Ему ли не уметь быстро приспособиться к обстоятельствам! Из многочисленных трудов по социологии он знал, что, пожалуй, самая жуткая дыра, какую сыщешь на Западе, — это лондонский Ист-Энд, Восточная сторона, сущий ад на земле. Решение принято: он проникает в глубь Ист-Энда и исследует условия жизни его обитателей. Он недолго думал о том, что это, в сущности, очень дерзкое и трудное предприятие — осмыслить, проанализировать одну из сложнейших экономических проблем государства, с тем чтобы потом пристыдить, повергнуть его в замешательство — это государство. Чужаку, побывшему на английской земле какие-нибудь сутки-другие, для такого дела требовалась смелость, если не безрассудство. К тому же в Англии уже вышел первый сборник его коротких рассказов. Пресса, обычно настроенная консервативно, о нем, как ни странно, отозвалась хорошо; издатели были к нему расположены. Отчего бы, казалось, не устроить себе каникулы, проведя две-три недели в занимательном обществе английских литераторов? Вместо этого он отыскал в Петтикоут Лейн лавочку подержанного платья, приобрел себе изрядно поношенные брюки, плохонький пиджачок с единственной пуговицей; грубые башмаки, послужившие верой и правдой кому-то близко знакомому с погрузкой угля; узкий ремешок, донельзя засаленную кепочку — и окунулся в гущу Ист-Энда.

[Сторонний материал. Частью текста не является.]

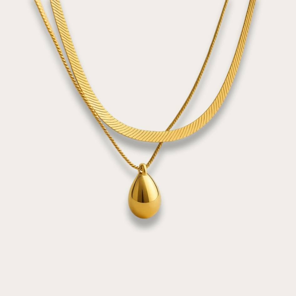 Composta da due catene in acciaio inossidabile dorato: una più sottile con pendente a goccia e l’altra piatta, a spiga, per un effetto a strati elegante e contemporaneo. Lunghezza totale: 45 cm. Resistente all’acqua, non scolorisce e non si ossida: perfetta da indossare ogni giorno, in ogni stagione.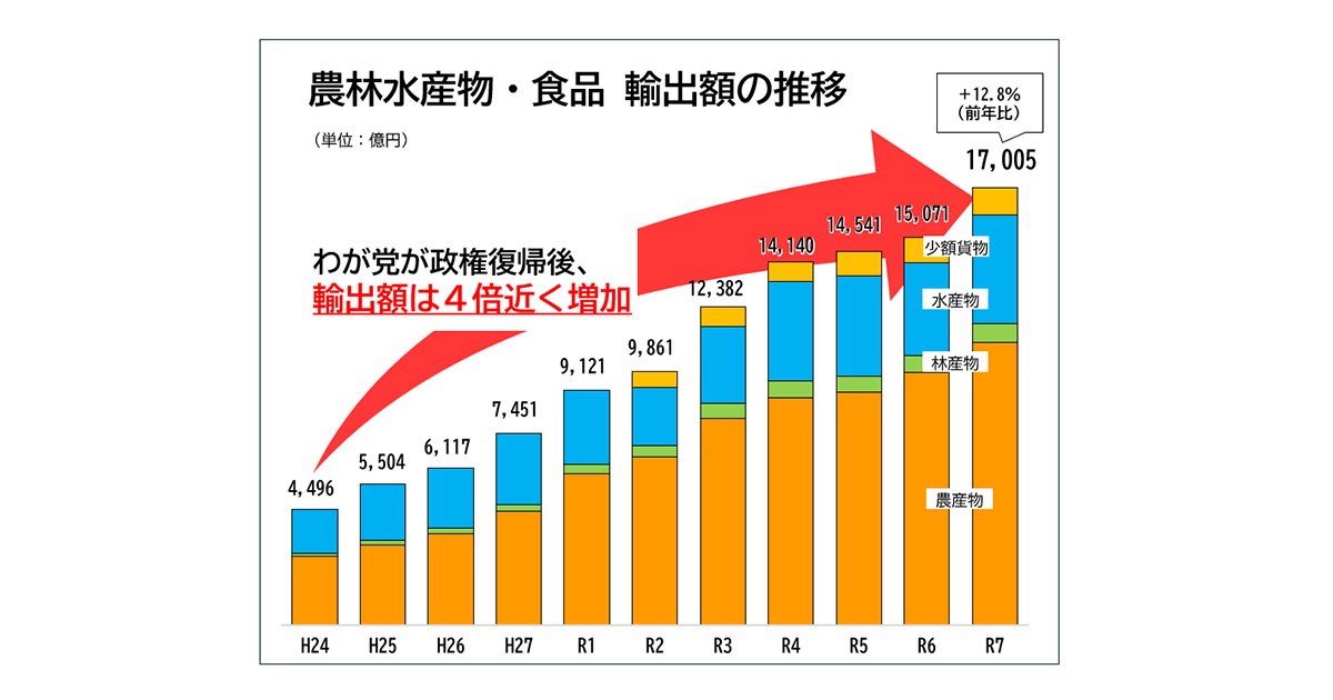 わが党が政権を奪還した平成24年当時、農林水産物・食品の輸出額は4497億円でした。政府与党では、農林水産業や食品産業の「海外から稼ぐ力」を強化するため、農林水産物・食品の輸出拡大に向けた実行戦略を策定。わが国の強みを最大限に生かす品目別の具体的目標の設定等を通じて官民一体で海外での販売力を高めてきました。

В одном из самых густонаселенных кварталов трущобы он снял комнату и стал исподволь знакомиться с обстановкой. Издатели пришли в ужас. Это немыслимо! Его прикончат в собственной постели! У Джека, сына народа, эти страхи вызывали только смех.

Его сочли за американского матроса, списанного в порту с корабля. Джек Морячок опять с легкостью вошел в свою роль, будто и не расставался с нею. Не посторонний, не исследователь, взирающий вниз с академических высот; он был один из жителей Ист-Энда. Ходил человек в море, не повезло, попал в беду… Они приняли его в свою среду, доверяли ему, говорили с ним. Все, что Джек узнал об этом гиблом месте, он вложил в книгу, озаглавленную «Люди бездны», — свежую, правдивую, живую и по сегодня, одно из классических произведений мировой литературы, посвященных униженным и оскорбленным. «У меня был подход простой: что удлиняет жизнь, приносит здоровье — душевное и физическое, — хорошо. Все, что укорачивает, уродует жизнь, что калечит; причиняет страдания, — плохо».